DeepONet for 1D Poisson Equation
Mathematical Formulation
Problem Statement
We consider the one-dimensional Poisson equation on the domain $\Omega = [0,1]$:
\[-\frac{d^2u(x)}{dx^2} = f(x), \quad x \in [0,1]\]
subject to homogeneous Dirichlet boundary conditions:
\[u(0) = u(1) = 0\]
In our specific case, the forcing function $f(x)$ is parameterized by $\alpha$:
\[f(x) = \alpha \sin(\pi x)\]
Analytical Solution
\[u(x) = \frac{\alpha}{\pi^2} \sin(\pi x)\]
The DeepONet architecture consists of:
- Branch network: Processes the discretized input function $f(x)$
- Trunk network: Processes the spatial coordinates $x$
- Output: $u(x) \approx \sum_{k=1}^p b_k(f) t_k(x)$, where $b_k$ are outputs from the branch network and $t_k$ are outputs from the trunk network
Implementation
using NeuralOperators, Lux, Random, Optimisers, Reactant, Statistics
using CairoMakie, AlgebraOfGraphics
const AoG = AlgebraOfGraphics
AoG.set_aog_theme!()
const cdev = cpu_device()
const xdev = reactant_device(; force=true)
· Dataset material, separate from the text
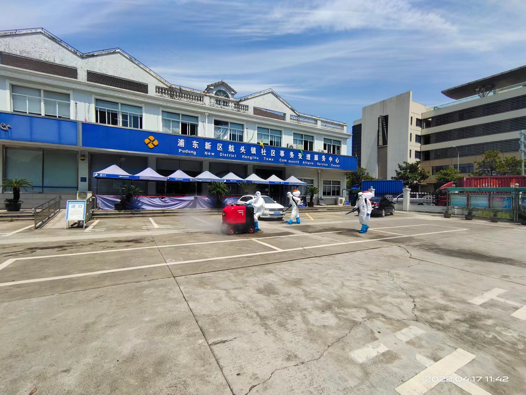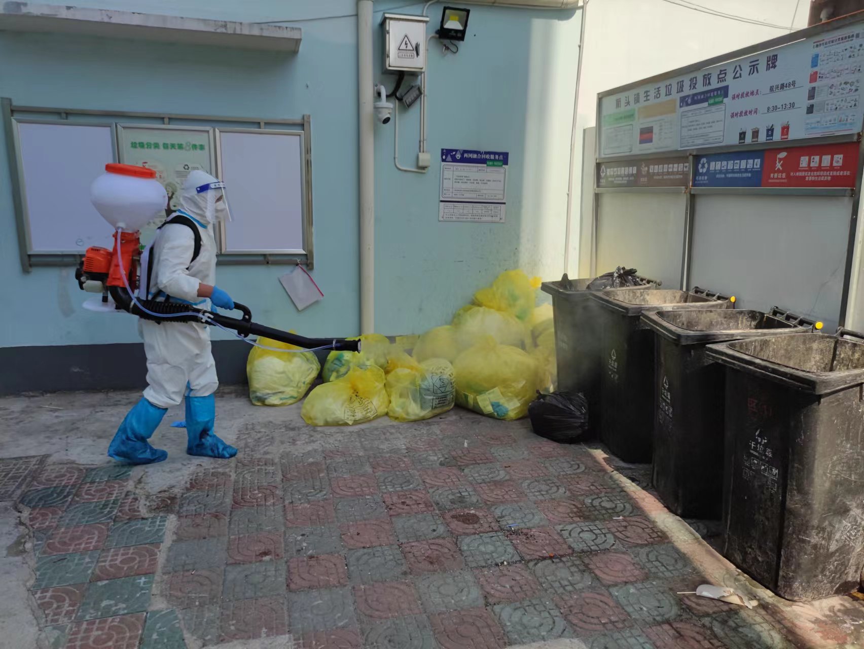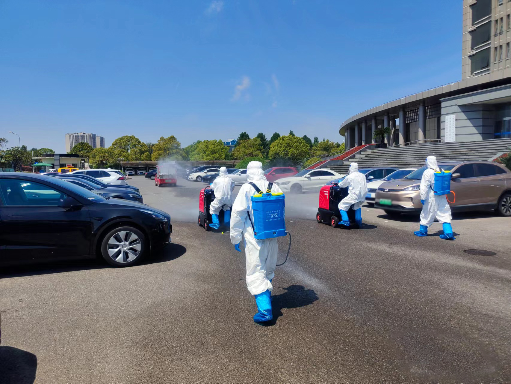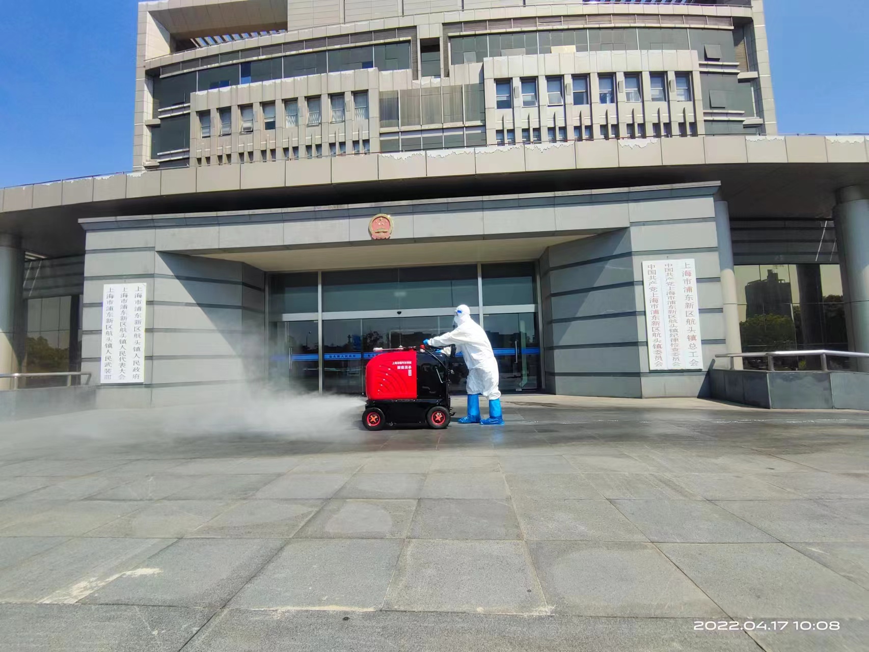 4月17日,根據航頭鎮疫情防控部門(mén)的部署和安排,公司選派8名消殺人員,身穿防護服,佩戴防護面罩,攜帶4臺霧化消毒設備,駕駛2輛微型消防車(chē)前往航頭鎮,協(xié)助鎮相關(guān)部門(mén)開(kāi)展環(huán)境集中消殺工作。

rng = Random.default_rng()
Random.seed!(rng, 42)
# Problem setup
m = 64
data_size = 128
xrange = Float32.(range(0, 1; length=m))
forcing_function(x, α) = α * sinpi.(x)
poisson_solution(x, α) = (α / Float32(π)^2) * sinpi.(x)
# Generate training data
α_train = 0.5f0 .+ 0.8f0 .* rand(Float32, data_size) # α ∈ [0.5, 1.3]
f_data = stack(Base.Fix1(forcing_function, xrange), α_train)
u_data = stack(Base.Fix1(poisson_solution, xrange), α_train)
x_data = reshape(xrange, 1, m)
max_u = maximum(abs.(u_data))
u_data ./= max_u
# Define DeepONet
deeponet = DeepONet(
Chain(Dense(m => 64, tanh), Dense(64 => 64, tanh), Dense(64 => 32, tanh)), # Branch
Chain(Dense(1 => 32, tanh), Dense(32 => 32, tanh)) # Trunk
)
ps, st = Lux.setup(Random.default_rng(), deeponet) |> xdev;
# Training
function train_model!(model, ps, st, data; epochs=3000)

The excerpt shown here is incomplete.